Now let us describe how TAG is enabled. TAG is comprised of two basic and yet simple building blocks: role and channel. A role represents a vertex in TAG and should be associated with some behaviors. To create association between role and its behavior, a (python) code must be attached to a role. Once the association is done, a role is fully defined.
A channel is an undirected edge between a pair of roles. It is an abstraction for communication backend or protocols.
Each of the two building blocks can have attributes. Attributes further define what these building blocks can do.
For role, it has two attributes: isDataConsumer and replica.
isDataconsumer: this is a boolean attribute to denote that a role is supposed to consume data. If the attribute is set, it indicates workers created from this role are training workers. It has an important implication, indicating the number of specified datasets corresponds to the number of workers from the role with isDataConsumer attribute set.
replica: This is applied to the roles with no isDataConsumer attribute set. This feature is for high availability.
A channel also has two attributes: groupBy and funcTags.

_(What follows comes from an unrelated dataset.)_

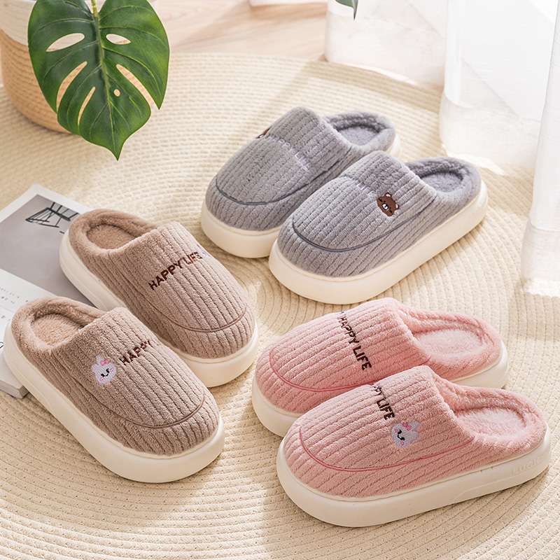 バイカラーデザインの暖かいかわいいルームシューズ

groupBy: This attribute is used to group roles of the channel based on a tag. Therefore, the groupBy attribute allows to build a hierarchical topology (e.g., a single-rooted multi-level tree), for instance, based on geographical location tags (e.g., us, uk, fr, etc). Currently a string-based tag is supported. Future extensions may include more dynamic grouping based on dynamic metrics such as latency, data (dis)similarity, and so on.
funcTags This attribute (discussed later in detail) contains what actions a role would take on the channel. As mentioned earlier, a role is associated with executable code. When a role attached to a channel, the role expresses what actions (i.e., functions) it takes on the channel, which is achieved via funcTags attribute. We will discuss how to use funcTags correctly in the later part.

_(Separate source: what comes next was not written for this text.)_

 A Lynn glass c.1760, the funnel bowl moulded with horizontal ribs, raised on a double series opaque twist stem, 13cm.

In flame, a topology is expressed within a concept called schema. A schema is a reusable component as a template. The following presents a simple two-tier cross-device topology.
{
"name": "A sample schema",
"description": "a sample schema to demonstrate a TAG layout",
"roles": [
{
"name": "trainer",
"description": "It consumes the data and trains local model",
"isDataConsumer": true
},
{
"name": "aggregator",
"description": "It aggregates the updates from trainers",
}
],
"channels": [
{
"name": "param-channel",
"description": "Model update is sent from trainer to aggregator and vice-versa",
"pair": [
"trainer",
"aggregator"
],
"groupBy": {
"type": "tag",
"value": [
"default"
]
},
"funcTags": {
"trainer": ["fetch", "upload"],
"aggregator": ["distribute", "aggregate"]
}
}
]
}In the above schema, there are two roles: aggregator and trainer. For trainer, isDataconsumer attribute is set. This implies that the role trainer conducts data processing (e.g., training). When datasets are selected (more details here (not yet updated)), each dataset is associated with one worker of the role with the attribute set. Therefore, in the flame system, the number of datasets will drive the number of data-consuming workers (e.g., trainer in this case). Subsequently, the number of non data-consuming workers is derived from the entries in the groupBy feature (more on later).

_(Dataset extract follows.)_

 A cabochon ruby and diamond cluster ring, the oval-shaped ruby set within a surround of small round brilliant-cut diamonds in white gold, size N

Now let's look at channels. Channels are expressed as a list. A channel consists of four key attributes: name, pair, groupBy and funcTags. The name attribute is used to uniquely identify a channel. The pair attribute contains two roles that constitute the channel; each role takes one of the channel. For the correctness, roles in the pair must exist in the role list.
The groupBy attribute allows how to group or cluster workers of two ends (or roles) in the channel. It's optional. If this attribute is not defined, workers belonging to the channel are grouped into a default group.
With pair and groupBy, a channel only specifies what roles constitute a channel and how they are grouped. But it doesn't know what actions each role takes on the channel. The funcTags attribute allows dynamic binding of functions to a channel. The software code attached to a role must define a set of functions that it wants to expose to users so that the users can specify it in the schema. Therefore, it allows more complex operations on a channel.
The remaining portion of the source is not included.